Thinking about this more: one option of the three parts is NeuralModel (this is AC right?), BackgroundModel (this is going to be bf or the ring model of the background), and Residual (this is basically Y-NeuralModel-BackgroundModel, so is basically the error term, all the stuff the model doesn't capture, so isn't really technically part of the model at all).

Or even "movie" . So something like NeuralMovie, BackgroundMovie, and ResidualMovie (maybe bad, just spitballing again).

I'm not a huge fan of Movie, but Caiman already uses the term so maybe we're committed to it. I wonder if an interesting first term might be Focus, e.g. MovieFocus, MovieBackg, MovieResids

EricThomson commented 1 year ago

So I guess we've arrived at ModelMovie, MovelBackground, ModelResiduals ? @EricThomson

Thinking about this more: one option of the three parts is NeuralModel (this is AC right?), BackgroundModel (this is going to be bf or the ring model of the background), and Residual (this is basically Y-NeuralModel-BackgroundModel, so is basically the error term, all the stuff the model doesn't capture, so isn't really technically part of the model at all). Or even "movie" . So something like NeuralMovie, BackgroundMovie, and ResidualMovie (maybe bad, just spitballing again).

I'm not a huge fan of Movie, but Caiman already uses the term so maybe we're committed to it. I wonder if an interesting first term might be Focus, e.g. MovieFocus, MovieBackg, MovieResids

Actually good point that these could get confused with caiman movie object, and one reason I didn't like it is that it is slipping back to naming metadata (what it is) rather than what type of information it contains. That is, the info the three terms contain is the model's predictions of neural activity, the model's predictions of background activity, and the residual (i.e., the stuff the model leaves out, the error term).

pgunn commented 1 year ago

Actually good point that these could get confused with caiman movie object, and one reason I didn't like it is that it is slipping back to naming metadata (what it is) rather than what type of information it contains. That is, the info the three terms contain is the model's predictions of neural activity, the model's predictions of background activity, and the residual (i.e., the stuff the model leaves out, the error term).

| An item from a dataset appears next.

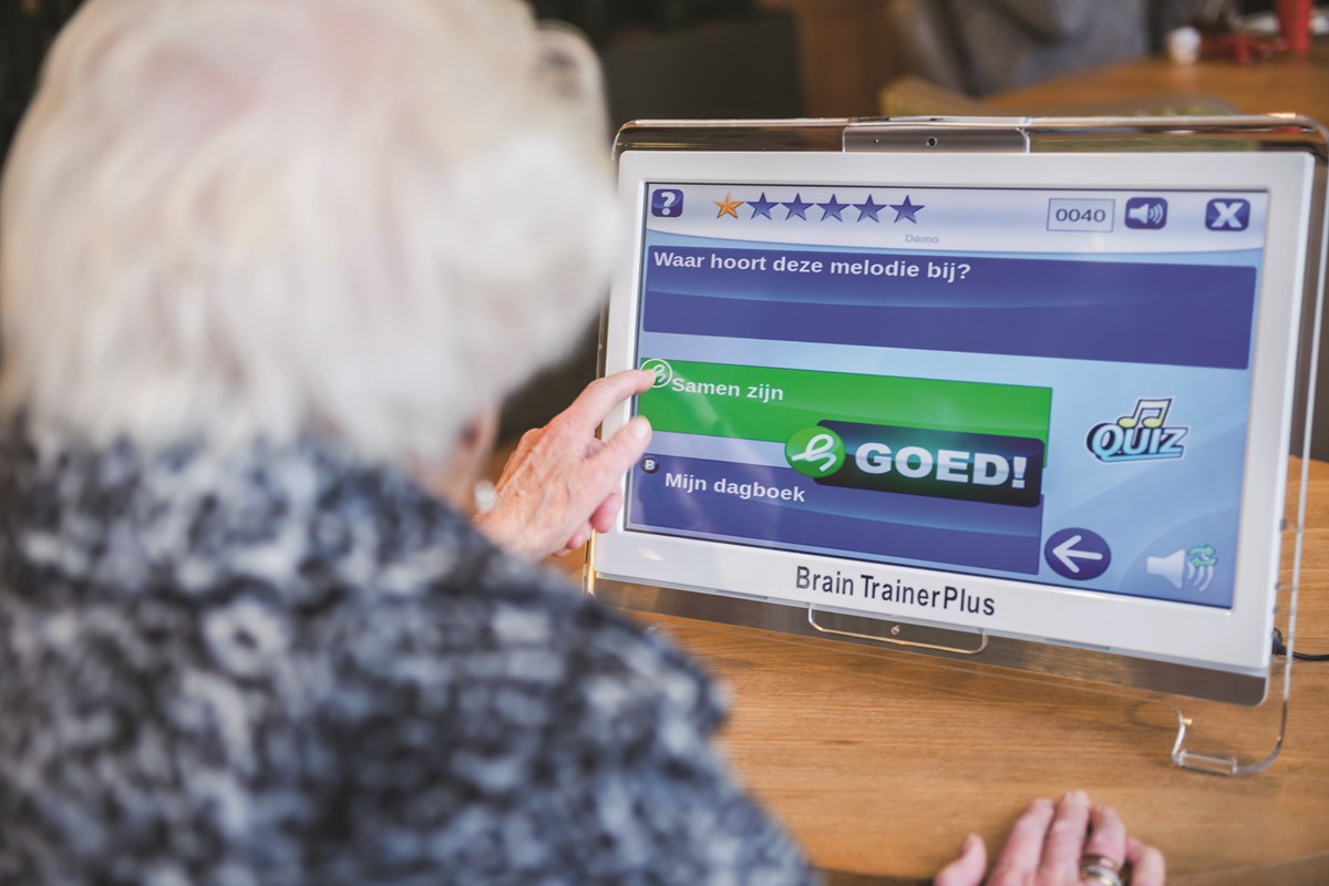 Ontdek hoe de BrainTrainerPlus™ de dagelijkse zorg op uw afdeling lichter, vrolijker en effectiever maakt. Dit innovatieve zorginstrument is speciaal ontwikkeld om ouderen met dementie, NAH of andere cognitieve beperkingen op hun eigen niveau uit te dagen. Omdat de software van de BrainTrainerPlus™ zich automatisch aanpast aan het niveau van de gebruiker, ervaren bewoners direct succes en plezier, wat onrust vermindert en de sfeer op de groep merkbaar verbetert.

On that narrow point, I don't think it's bad (at all) to name classes partly by implementation details (provided the name doesn't get too long). It's super common in programming to do so ; the distinction between an int and a long is entirely implementation details even though both are meant to hold numbers. There are commonly a few ways to represent something anyhow, and they often should have distinct names based on the how.

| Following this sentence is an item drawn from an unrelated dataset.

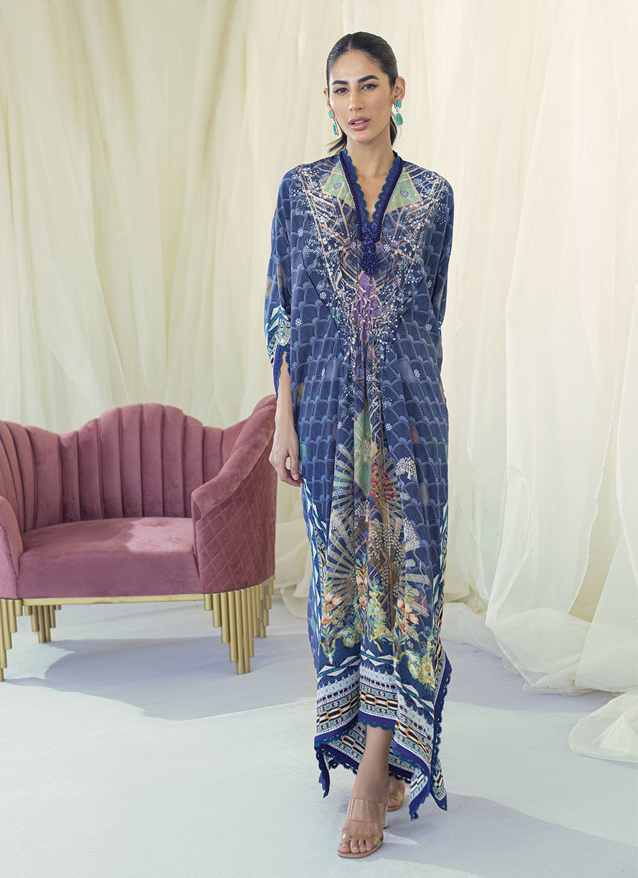 A never seen before print and signature FTA details make this kaftan an indispensable addition to your wardrobe.

EricThomson commented 1 year ago

Actually good point that these could get confused with caiman movie object, and one reason I didn't like it is that it is slipping back to naming metadata (what it is) rather than what type of information it contains. That is, the info the three terms contain is the model's predictions of neural activity, the model's predictions of background activity, and the residual (i.e., the stuff the model leaves out, the error term).

On that narrow point, I don't think it's bad (at all) to name classes partly by implementation details (provided the name doesn't get too long). It's super common in programming to do so ; the distinction between an int and a long is entirely implementation details even though both are meant to hold numbers. There are commonly a few ways to represent something anyhow, and they often should have distinct names based on the how.

Yes, but here we are arguing about space so want to eliminate words, and in Python it is considered a code smell to name variables with type flags e.g., data_float. But foolish consistency and all that -- it can sometimes be useful.